YOUR OBJECTIVE:
Starting with the line that includes "在建筑的屋顶部位,用同样的手", write out every remaining line of the records below exactly as it appears, leaving out any images.

Data records:
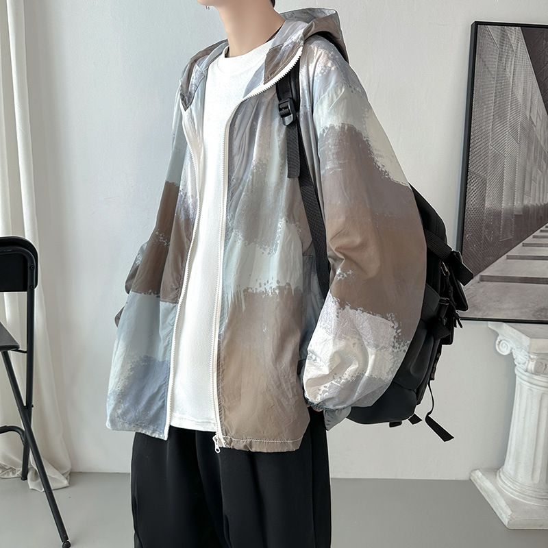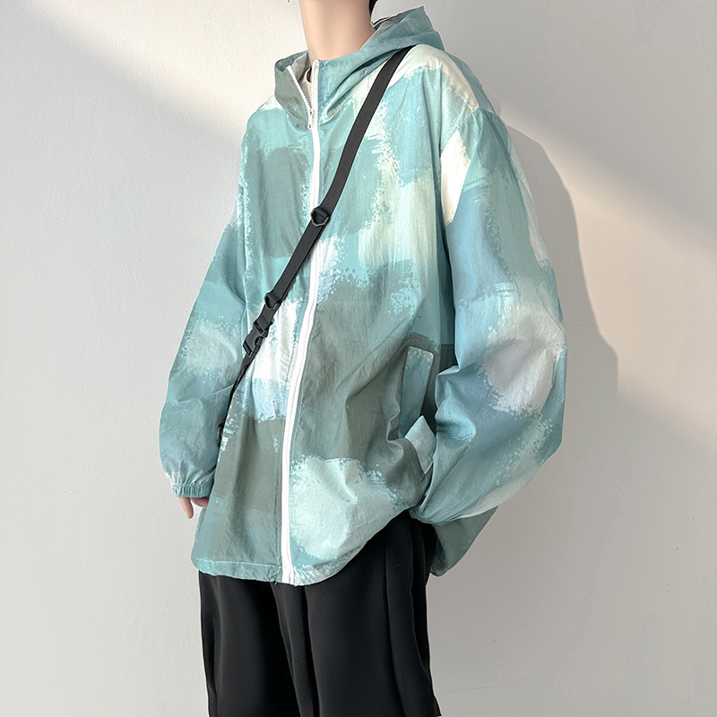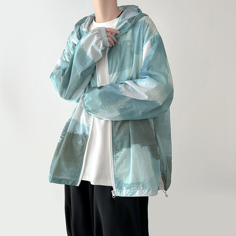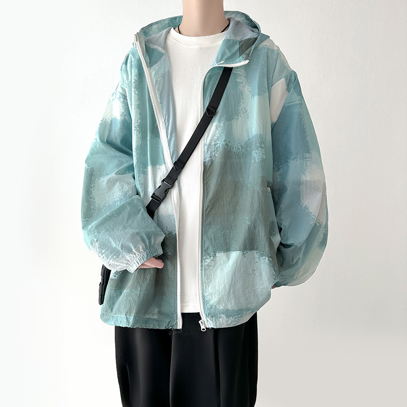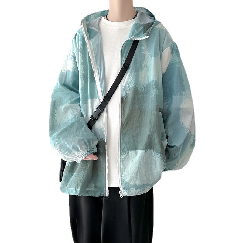扎染防晒服男夏季薄款潮牌百搭连帽夹克青少年痞帅户外防晒衣外套
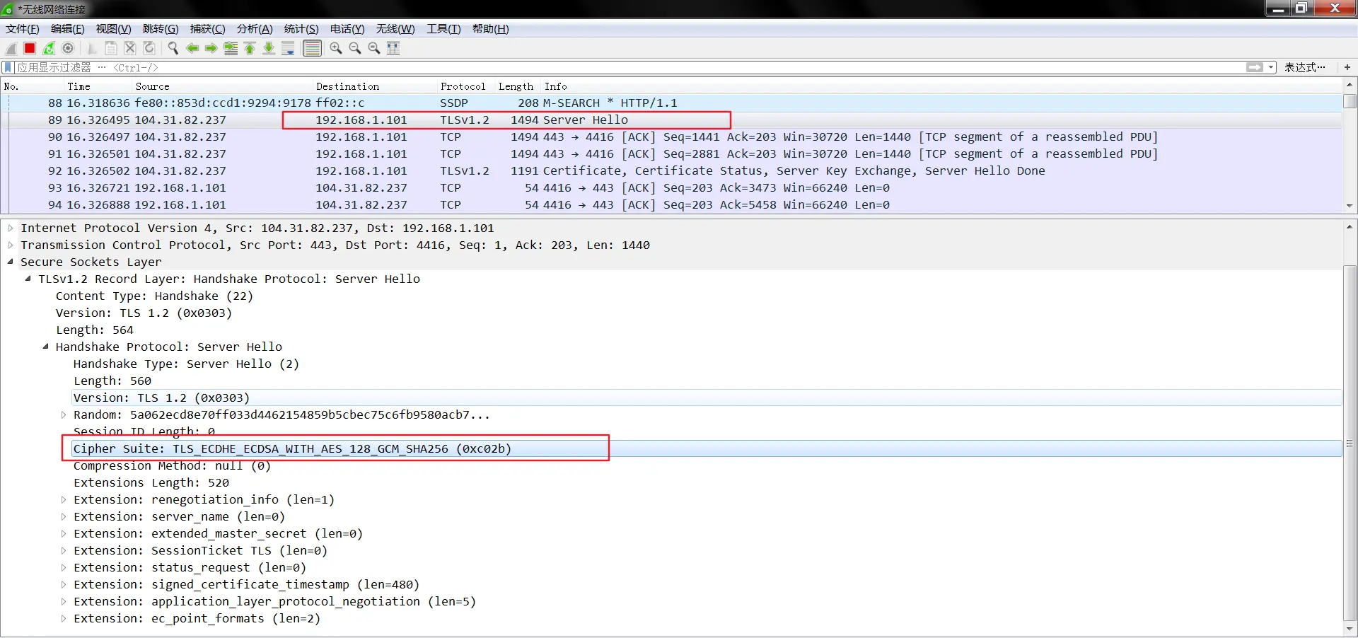 - 如果按照顺序继续寻找第一个 Info 为'Sever Hello' 的报文,可以找到相应的Cipher Suite: TLS_ECDHE_ECDSA_WITH_AES_128_GCM_SHA256 (0xc02b) 。
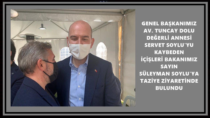 Genel Başkanımız Av. Tuncay Dolu, Genel Başkan Yardımcımız Mert Doğan Bozkır ile birlikte gerçekleştirdikleri taziye ziyaretinde, İçişleri Bakanımız Süleyman Soylu'nun kıymetli annesi Servet Soylu Hanımefendinin vefatından duydukları üzüntüyü dile getirdi.
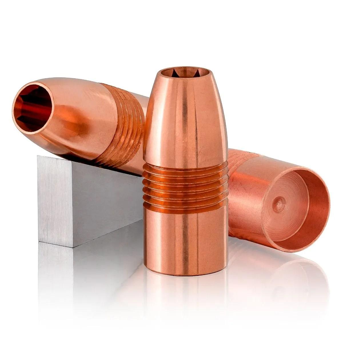 Lehigh originated Controlled Fracturing Technology. These bullets are designed to deliver maximum terminal performance. Controlled Fracturing bullets are produced from either solid copper or solid brass and are pre-stressed at specific points so that after a predetermined penetration depth the razor-edge petals deploy releasing an energy spike and then separate and radiate outward from the primary path of the bullet. The bullet shank now back to bore diameter continues penetrating straight and deep along the initial impact path.
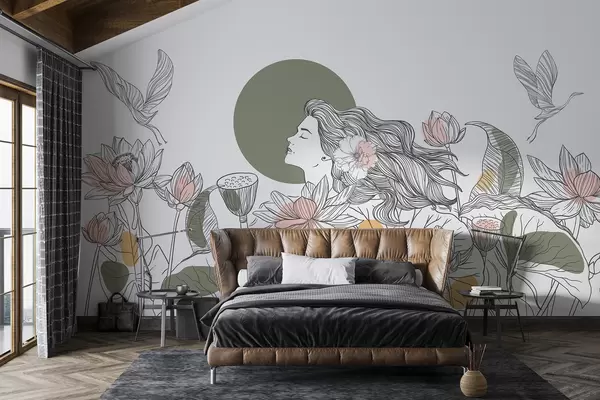Fototapetak Nő a természetben, vonalas rajz, lótuszvirág, nagy levelek, repülő madarak, pasztell színek Nr. w07988v6
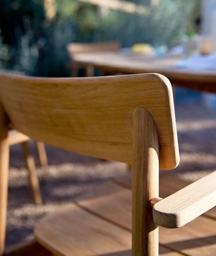 Благодаря своему лаконичному дизайну и превосходным техническим характеристикам тика, предметы коллекции Pevero изысканно дополнят любую зону отдыха на открытом воздухе, привнося в нее утонченность и комфорт.
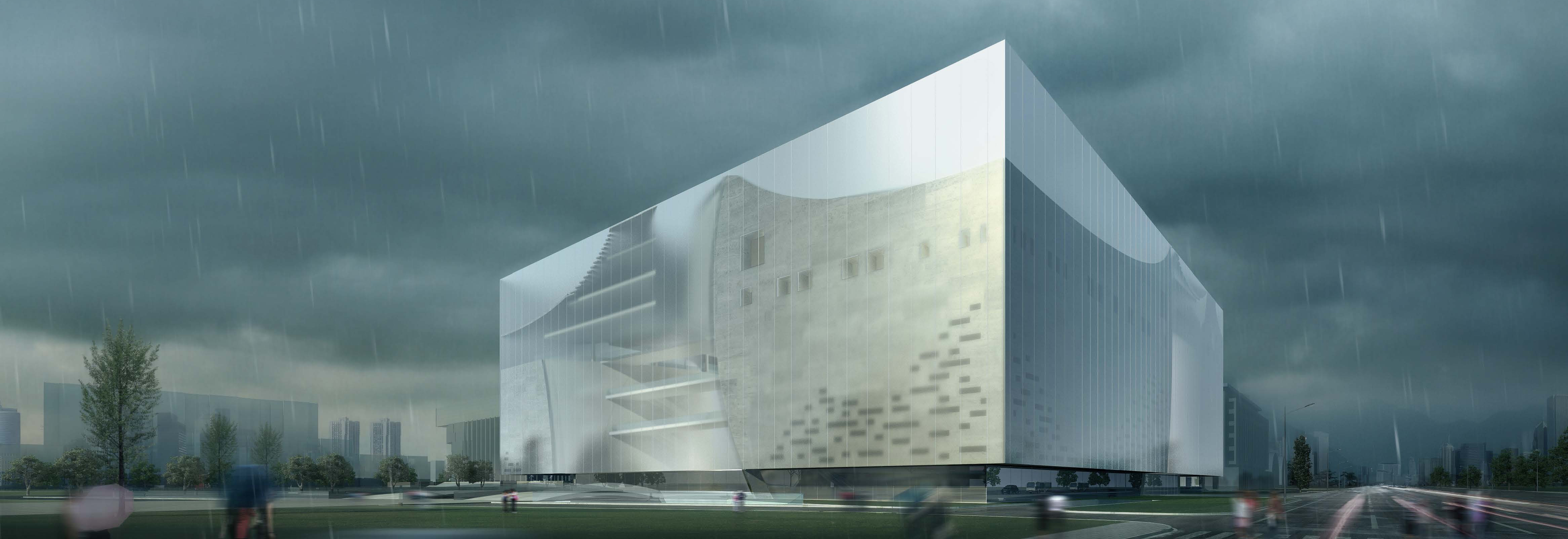 在建筑的屋顶部位,用同样的手法对形体进行切割,球形曲面在建筑立面形成的轮廓,如同环绕这座历史古城的群山丘陵,又使人联想起北方民居起伏的屋顶,那凝固在院墙上的回忆,是对传统文化的生动描绘。
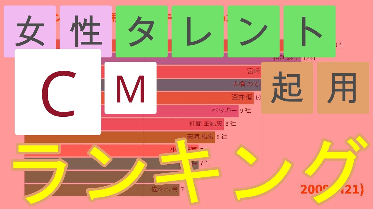 CM起用社数の多い女性タレントを登場順で示します。男性タレントのCM起用社数ランキングにも「マツコ・デラックス」が登場しますので見てみてください。

THE ANSWER:
 在建筑的屋顶部位,用同样的手法对形体进行切割,球形曲面在建筑立面形成的轮廓,如同环绕这座历史古城的群山丘陵,又使人联想起北方民居起伏的屋顶,那凝固在院墙上的回忆,是对传统文化的生动描绘。
 CM起用社数の多い女性タレントを登場順で示します。男性タレントのCM起用社数ランキングにも「マツコ・デラックス」が登場しますので見てみてください。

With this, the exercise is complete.